Well I gotta run as my time limit is up. If you have my caring bridge site...you can check for updates on there.
Jody
I came back in as a PHP (Partial Hospitalization Program) admit. On Aug 28, I was admitted to IP (Inpatient) due to self harm urges. I spent 1 night IP and then told them I was ok and was allowed to go home for the long Labor Day weekend. The weekend was horrible. I struggled...with eating...with coping...with exercising...with life in general. Came back to PHP on Tuesday, Sept 2. Day got worse as it went on. I scratched my arms until they were about to bleed during a group but didn't tell anyone as I had a sweatshirt on with a pocket in the front. I was asked several times by nurses/therapists if I could contract for safety for the night. I told them point blank that I was saying YES because if I said NO, then I would be put IP again. I went to H&S's house (my friends that I stayed with last time and that I have been staying with this time). Went straight to my room. Went on facebook for a little while. Then headed to the basement to watch tv. On my way past the table in tears (as I had been in tears the whole day) H asked me if it was a bad day. I said, "Yep, that's the story of my life right now". They left me alone for a while. Pretty soon S came downstairs and told me he wanted to talk. We talked a little but I didn't talk much. He wanted me to open up. I couldn't. Finally I did. I told him point blank that at that time I was feeling like I didn't care if I woke up tomorrow (today) morning. He told me he was bringing me back to the hospital. I told him NO. Needless to say I'm here. I'm IP. I'm off SPIII (suicide prevention level III) as of this evening but won't be discharged probably until next week. I'm VERY depressed. The doc changed my meds today. Hopefully that helps. I'm not sure what is going on. When I'm not here, I'm hurting myself or overexercising and if I'm not doing either of those things, I'm sleeping. Hubby has made several comments about my sleep habits lately. Calling him last night was very hard. I'm really struggling with how I have let EVERYONE down yet again. I'm such a failure. I'm working thru these feelings, but it's tough.
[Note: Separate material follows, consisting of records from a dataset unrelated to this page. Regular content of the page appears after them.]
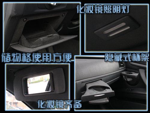 在燈光調(diào)節(jié)的下方設(shè)計有獨(dú)立的儲物空間;副駕駛位置在銀色提示條下隱藏著兩個水杯架;兩側(cè)的遮陽板都設(shè)有化妝鏡,并配有獨(dú)立的照明燈;
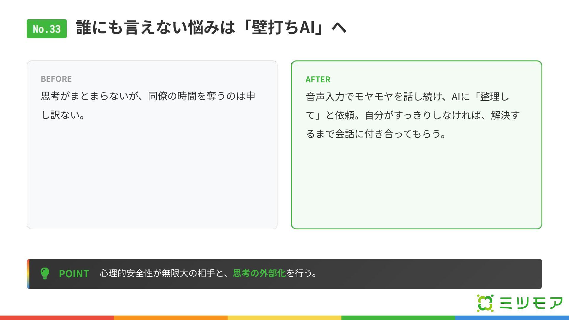 誰にも⾔えない悩みは「壁打ちAI」へ POINT ⼼理的安全性が無限⼤の相⼿と、思考の外部化を⾏う。 BEFORE 思考がまとまらないが、同僚の時間を奪うのは申 し訳ない。 AFTER ⾳声⼊⼒でモヤモヤを話し続け、AIに「整理し て」と依頼。⾃分がすっきりしなければ、解決す るまで会話に付き合ってもらう。
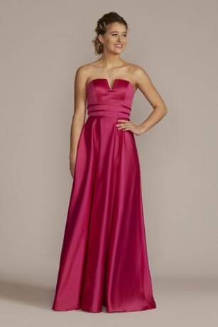 It's the details that make this shining satin-like dress one of dreams. Linework at the waist enhances the A-line silhouette, while a V-notch neckline adds a flirty touch.
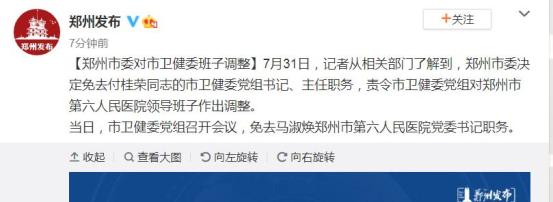 原标题:《郑州市卫健委主任被免职》
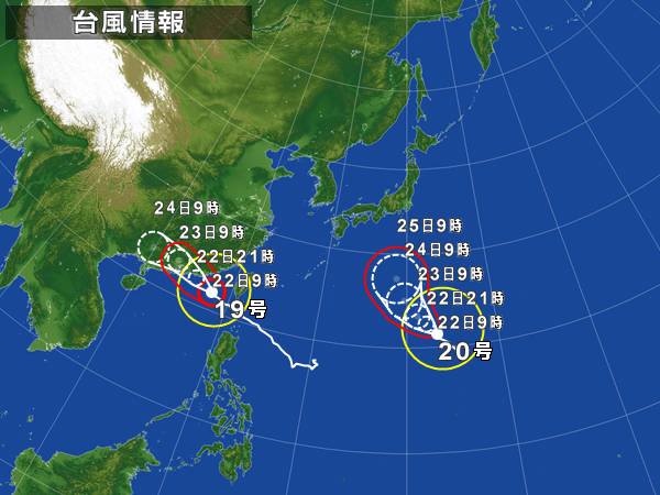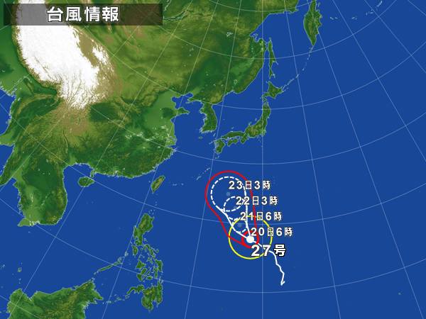 台風26号が伊豆大島に甚大な被害を与えてしまいましたが、台風27号がまた同進路で北上しているようです。yahoo天気図

To top matter off Hubby's dad has cancer. Have I said that before??? We found out for sure on Aug 21st. He's having a tumor removed from his bladder this friday. I may not be allowed to be there now. That will not be good for me or Hubby. I NEED to be with him that day. Depending on how surgery goes, we will find out if/how much chemo/radiation he will have to have.
Well I gotta run as my time limit is up. If you have my caring bridge site...you can check for updates on there.